# Anna, Molly and Spike



## sharonbee (Aug 3, 2011)

These are some pics of my more exotic pets I owned years ago... nowadays I just have cats but I loved these beauties....

Anna in the Christmas Tree...










Spike my bearded dragon...










Anna in her vivarium...










Anna soaking up the sunshine with Rocky my Siamese Cat...










Molly with my son Michael, Michael was only four, he is now 20 and still loves reptiles...


----------



## Guest (Oct 28, 2012)

Lovely pics


----------



## dexter12 (Aug 28, 2012)

lovely pictures, my beardie was called spike


----------



## Guest (Dec 7, 2012)

Great pics.


----------



## mastermind1212 (Dec 3, 2012)

Nice collection of pictures, i like most is a boy sitting with his friend [PYTHON].


----------



## sharonbee (Aug 3, 2011)

Thanks everyone, yes my little boy loved our python, he used to even put his trunks on and get in the bath with her.
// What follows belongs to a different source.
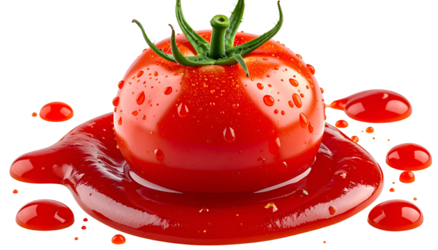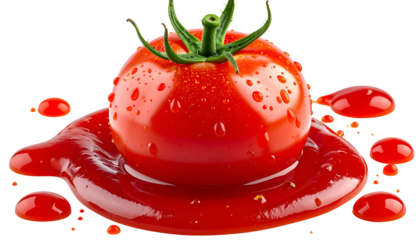 A ripe, red tomato sits atop a pool of red sauce with droplets and a black background
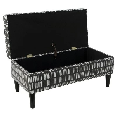 Whether you fill it with extra towels, spare blankets, your movie collection or the family’s board games, this Billie Storage Bench from Skyline Furniture is your stylish storage solution. The pattern of white lines looks hand-drawn for a touch of whimsy, while the black fabric and legs are modern and sophisticated. This black storage bench will be at home in any area of your living space.

He's now going to be celebrating his 21st birthday in a few weeks time,that picture only seems like two minutes ago since I took it, doesn't time fly?


----------



## Hannahmourneevans (Dec 16, 2012)

Aww those are lovely pics!


----------



## HDWells (Mar 22, 2011)

I wish my wife allow me to have reptile :'(


----------



## Martina84 (May 19, 2013)

Great pics!


----------



## magicmike (Jun 7, 2012)

Thanks for sharing your great memories. I had many dogs in the past and now I have just one left. I'm thinking if this should be my last, I still can't get use to the feeling when they pass away.


----------